Soya lecithin may very rarely cause allergic reactions. Reporting suspected adverse reactions that occur after authorisation of the medicinal product is important, as it allows continued monitoring of the benefit/risk balance of the medicinal product. Healthcare professionals are asked to report any suspected adverse reactions via the national reporting system at www.agenziafarmaco.gov.it/it/responsabili.
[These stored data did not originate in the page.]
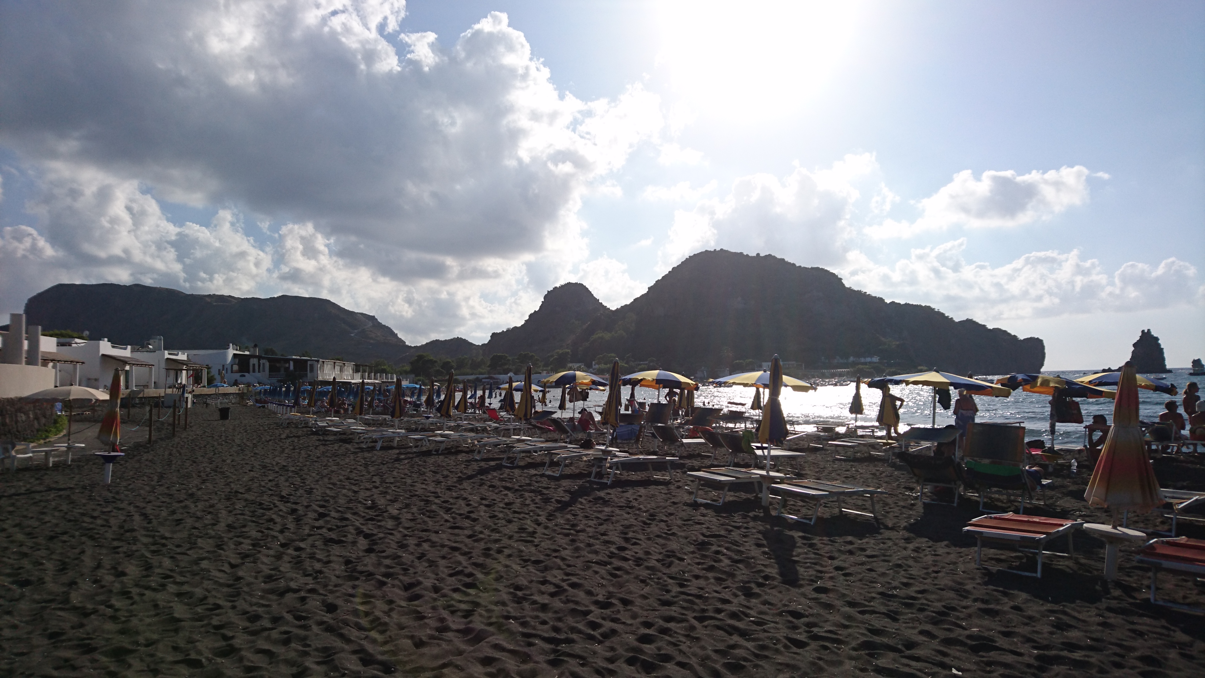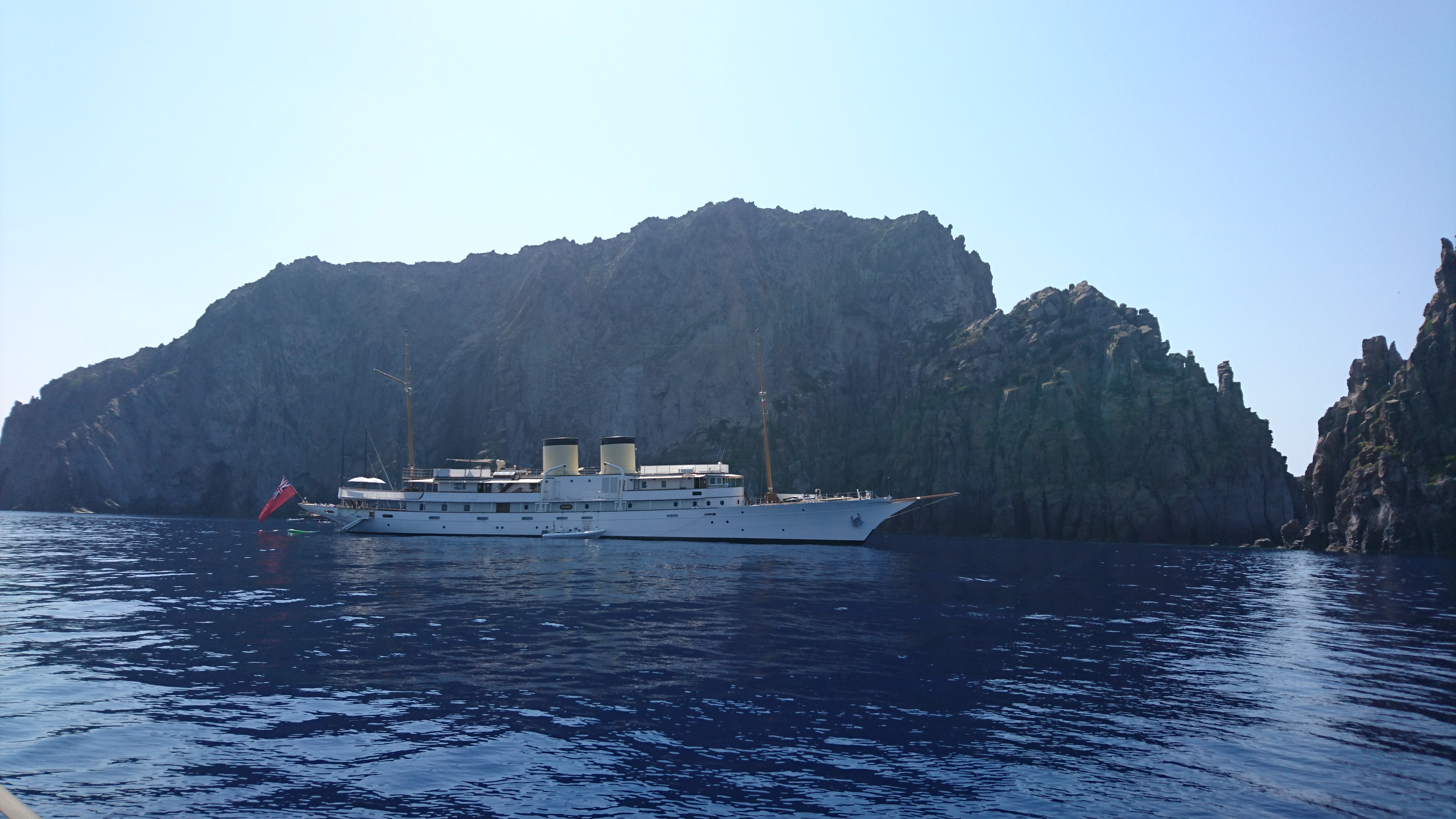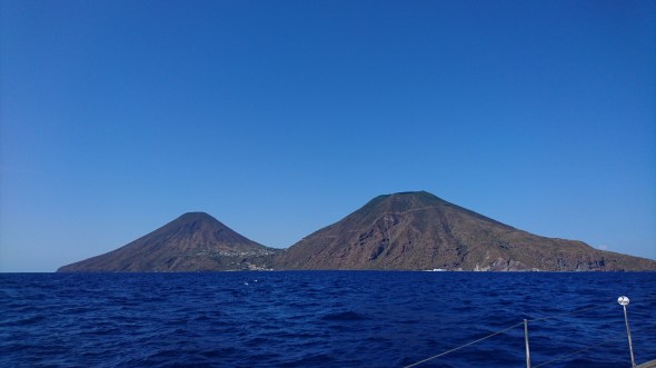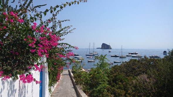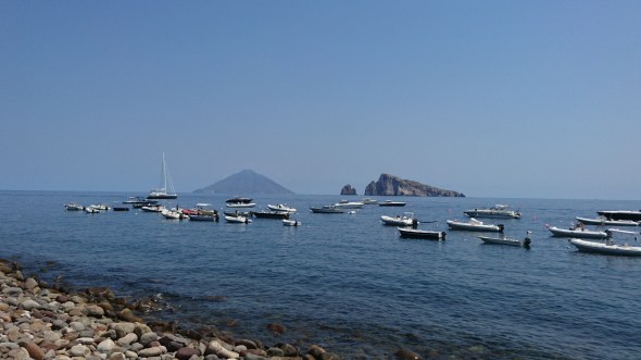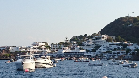 Bij Salina aangekomen blijkt het zo vol dat we besluiten om door te varen naar Panarea, nog 10 mijl verder. Daar is het ook wel vol, maar kun je nog wel een plekje vinden. We besluiten een mooring te pakken (eigenlijk 2, want je wordt allemaal in rijtje gelegd met achter en voor een mooring, zodat je niet tegen elkaar kunt draaien. Dit systeem kennen we nog van Corsica en Vulcano uit 2015 en het werkt prima als je maar beschut ligt). We hebben mooi uitzicht op de Stromboli in de verte, maar zien alleen wat rookpluimpjes en geen vonkenregen.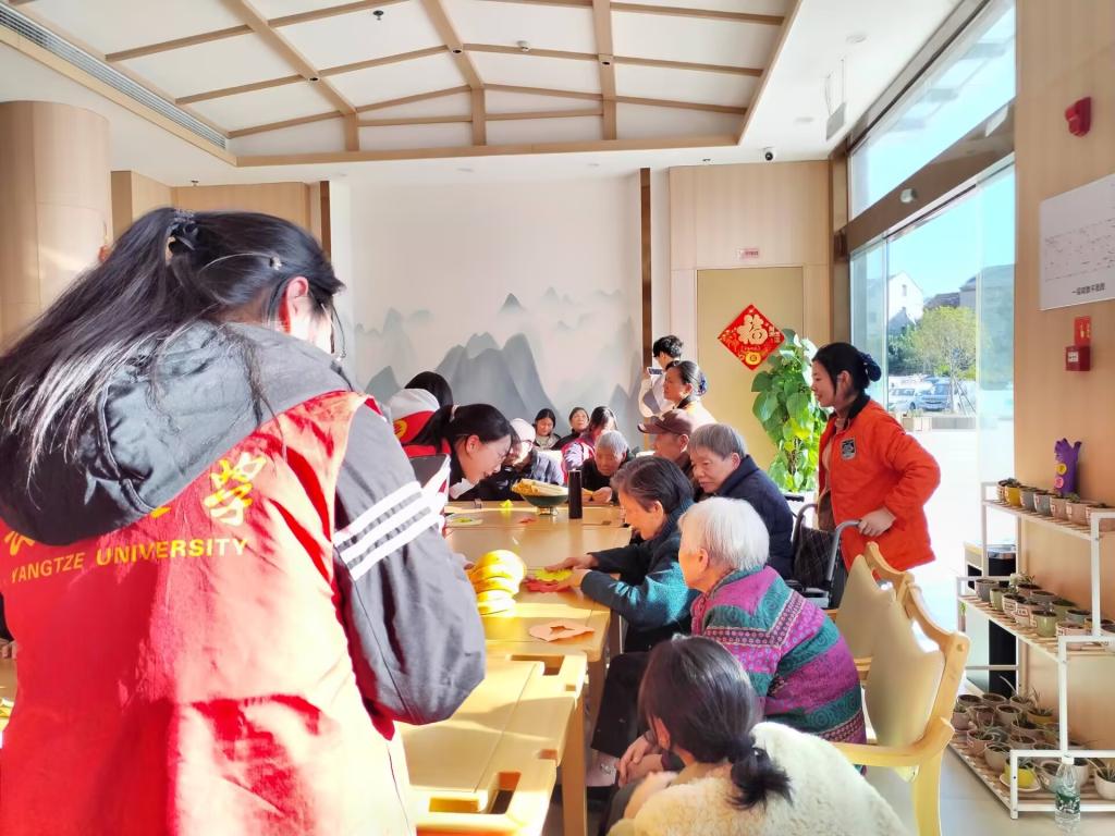 同学们精心准备了多种游戏,如简单易懂的投球等。活动过程中,同学们与老人们亲切互动,耐心讲解游戏规则。在投球游戏里,老人们思维敏捷,多次准确猜投中,脸上洋溢着自豪的笑容。现场气氛热烈而温馨,欢笑声回荡在敬老院的每个角落。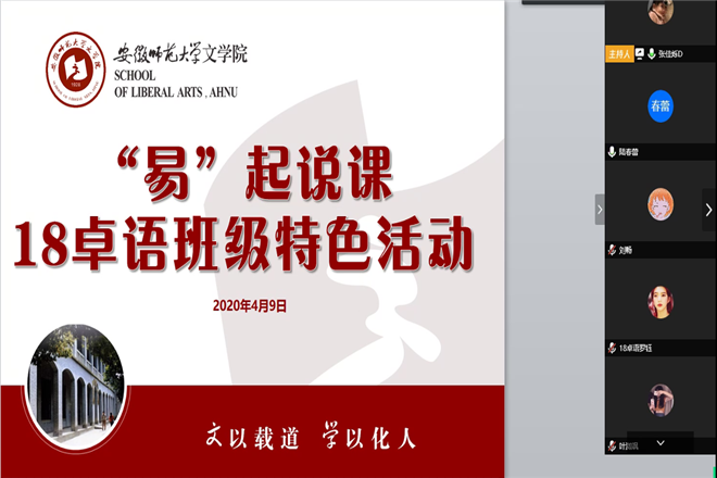 由于受疫情影响,学校学院积极开展网上教学工作,2018级卓越语文教师实验班以此为契机,借助易班平台精品项目,积极开展网上“易”起说课的模式,锻炼同学们的线上教学能力,锤炼师范生技能。(文/图 汪蕊)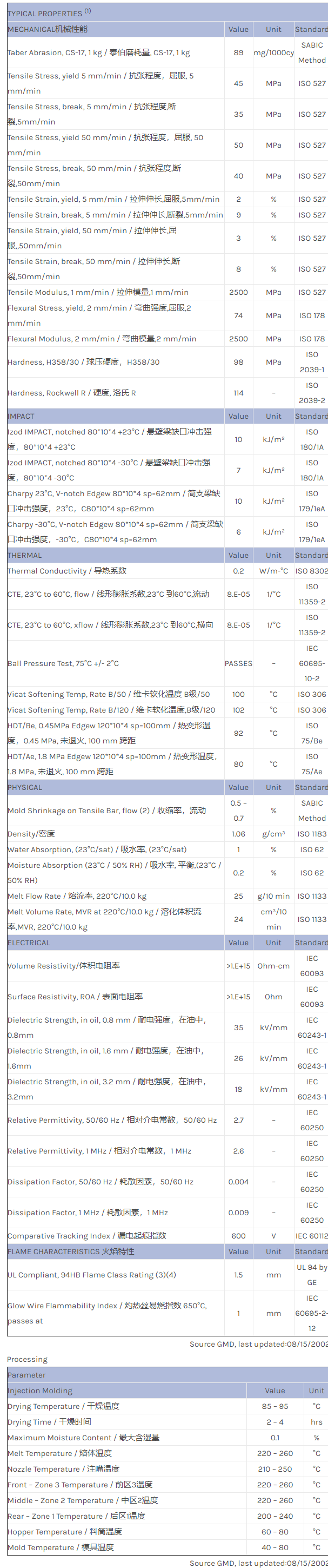 CYCOLAC ABS FXS610ST物性表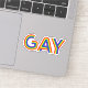 Dieses Kunstwerk zeigt das Wort Gay in einem bunten Regenbogen-Schriftart.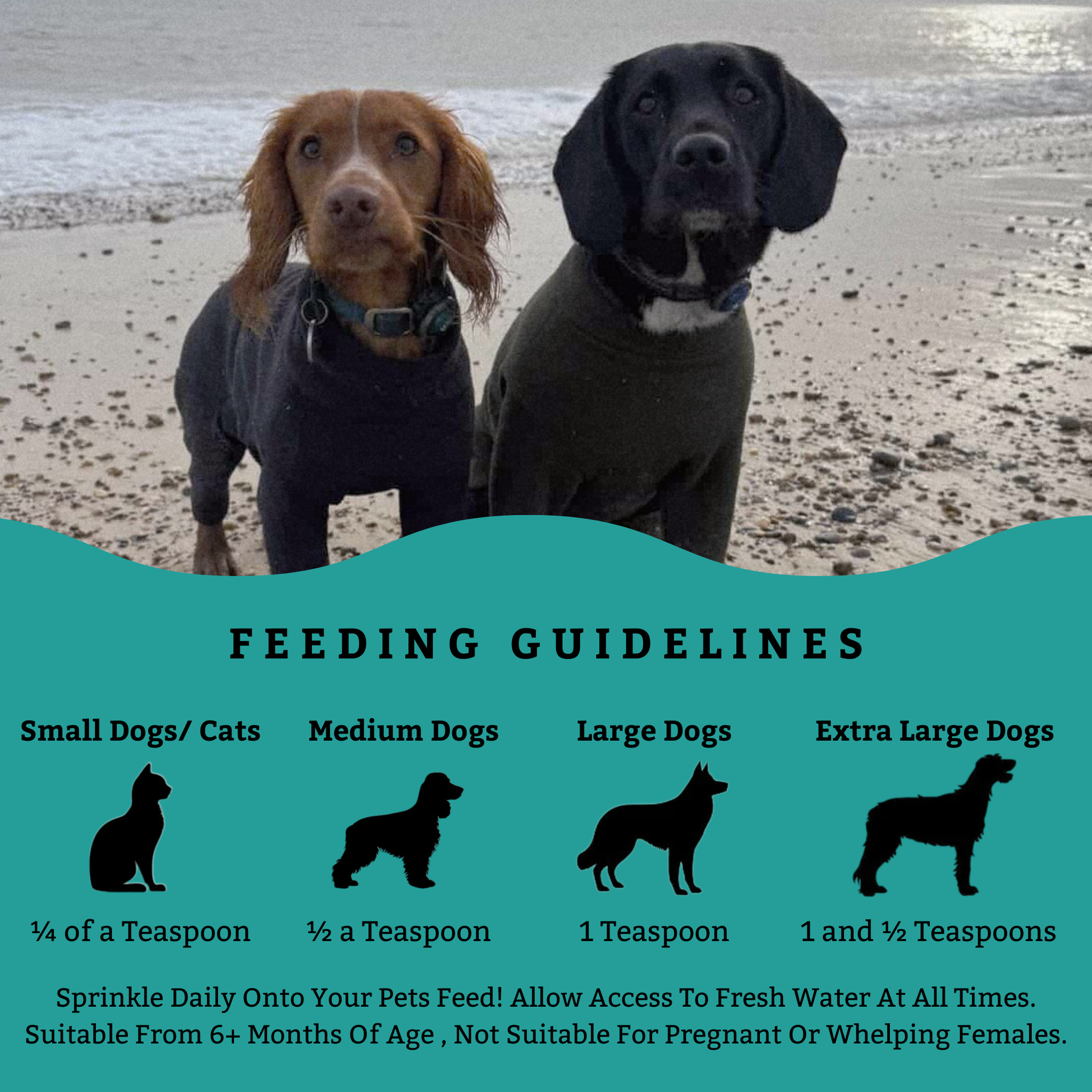 Feeding Guidelines - Small Dogs/Cats - 1/4 a teaspoon, Medium Dogs - 1/2 teaspoon, Large Dogs - 1 teaspoon and Extra Large Dogs - 1 and 1/2 teaspoons sprinkled onto your dogs food daily. generally recommended on dogs 6 months+ and not to be fed to pregnant or whelping females.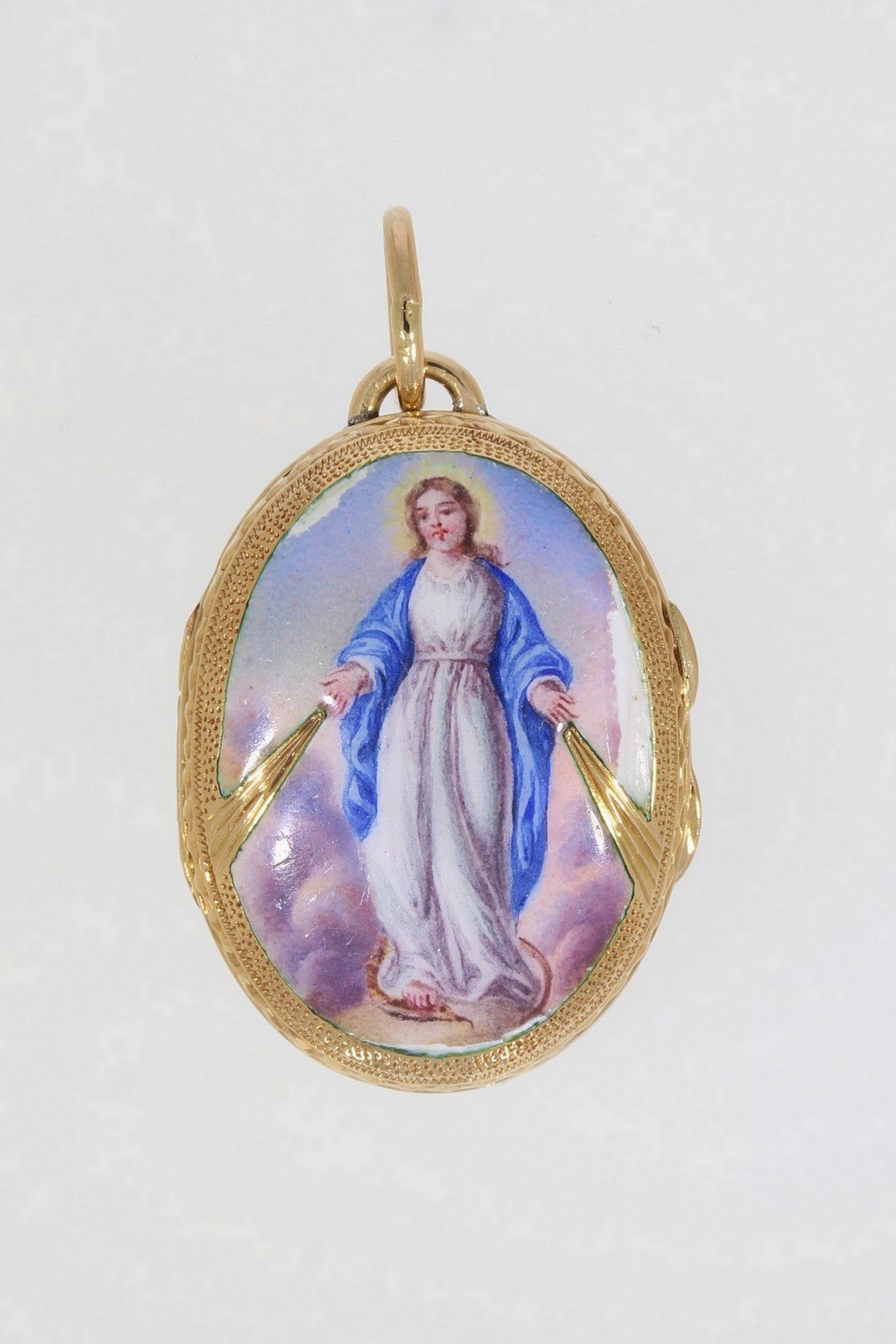 Besonderes Emaille mit Heiliger, Viktorianischer Stil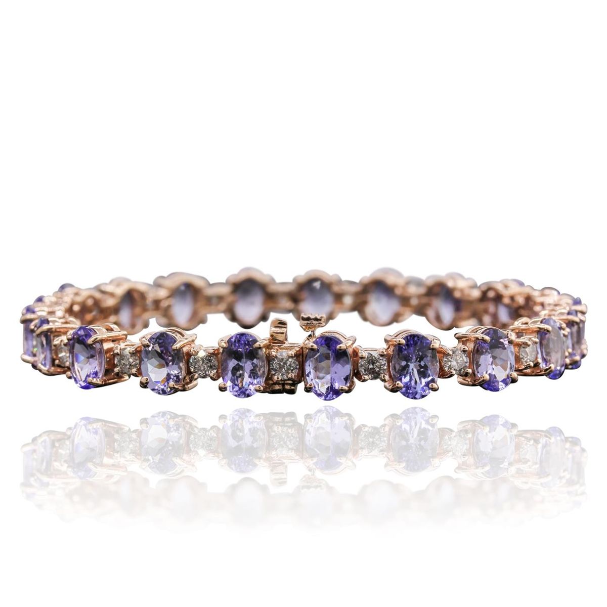 One electronically tested 14KT rose gold Ladies combination cast & assembled bracelet with a hidden box clasp with a bright polish finish. Condition is new. Measurements: 7" in length. Identified with markings of "14K". Containing: Twenty-one prong set oval modified brilliant cut natural tanzanites, measuring 6.86 x 5.25 x 2.89mm, approximate. Total Weight of 15.24ct., clarity is eye clean, type I, medium light, very slightly grayish, violet color, (GIA V 4/3), cut is very good. Colored gemstones are presumed to have been subjected to commonly used color/clarity enhancement processes. Twenty-One prong set round brilliant cut diamonds, measuring 3.00 - 3.00 x 1.80mm (depth est.) approximate. Total Weight of 21 Stones = 2.37ct. Clarity: I-2 to I-3. Color: H - I, Cut is Good. Total Weight of Colored Stones 15.24ct. Total Weight of Diamonds 2.37ct. Total Weight of Bracelet 18.90 grams. GGL Appraised at $24,735.00.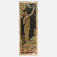 um 1900, Farblithografie auf Papier, bezeichnet Eigentum des Rosbacher Mineralbrunnen bei Bad-Homburg, hochrechteckiges Poster mit Werbefigur und Umschrift, fragmentarische Erhaltung, Maße 104 x 42 cm.
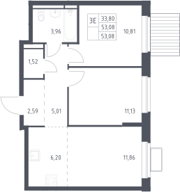 3-комнатная квартира № 5, 53.08 м2 с отделкой 2 эт.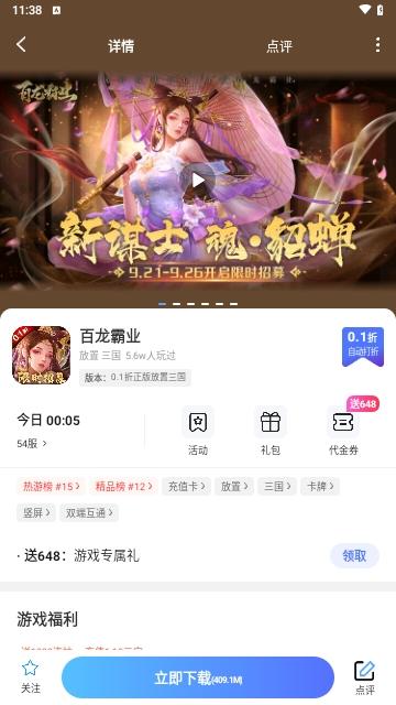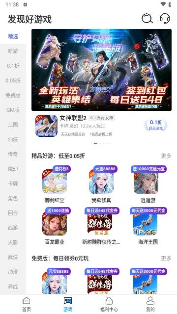 0.01折游戏盒App中汇集了超多热门题材游戏资源,仙侠、三国、传奇、角色、卡牌、回合、西游、养成、策略等类型游戏都有,分类非常详细,还有超多游戏福利可以免费领取到,超多优惠折扣带给大家,签到还有648代充券送给大家。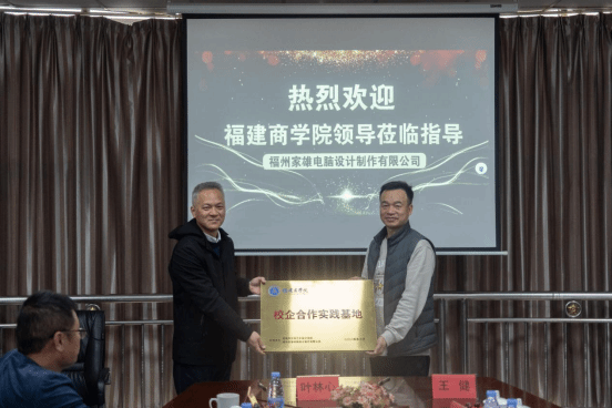 学院院长叶林心与福建省闽侯县博达工艺品有限公司以及福州家雄电脑设计制作有限公司签订了校企合作协议。校纪委书记林宇峰为走访的企业进行了“校企合作实践基地”授牌。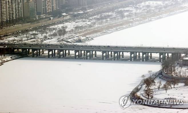 한강 위로 하얗게 쌓인 눈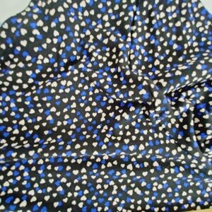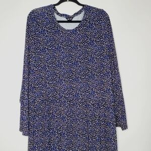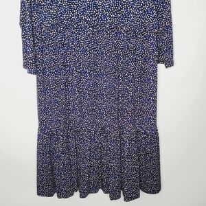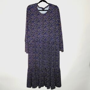 Saint + Sofia Long Sleeve Tiered Maxi Dress Size 18. Black with an all-over blue and white polka dot heart print.

Overdose There are no known symptoms of overdose in humans. Doses up to 240 mg administered intravenously over 2 minutes were well tolerated since pantoprazole is extensively bound to plasma proteins and is not readily dialyzable. In case of overdose with clinical signs of intoxication, no specific therapeutic recommendations are given, apart from the adoption of the usual symptomatic and supportive measures.

Pregnancy and breastfeeding

Pregnancy. There are no adequate data from the use of pantoprazole in pregnant women. Studies in animals have shown reproductive toxicity. Preclinical studies reveal no signs of impaired fertility or teratogenic effects. The potential risk for humans is unknown. This medicinal product should not be used during pregnancy.

Breastfeeding. It is not known whether pantoprazole is excreted in human breast milk. Animal studies have shown excretion of pantoprazole in breast milk. This medicine should not be used during breastfeeding.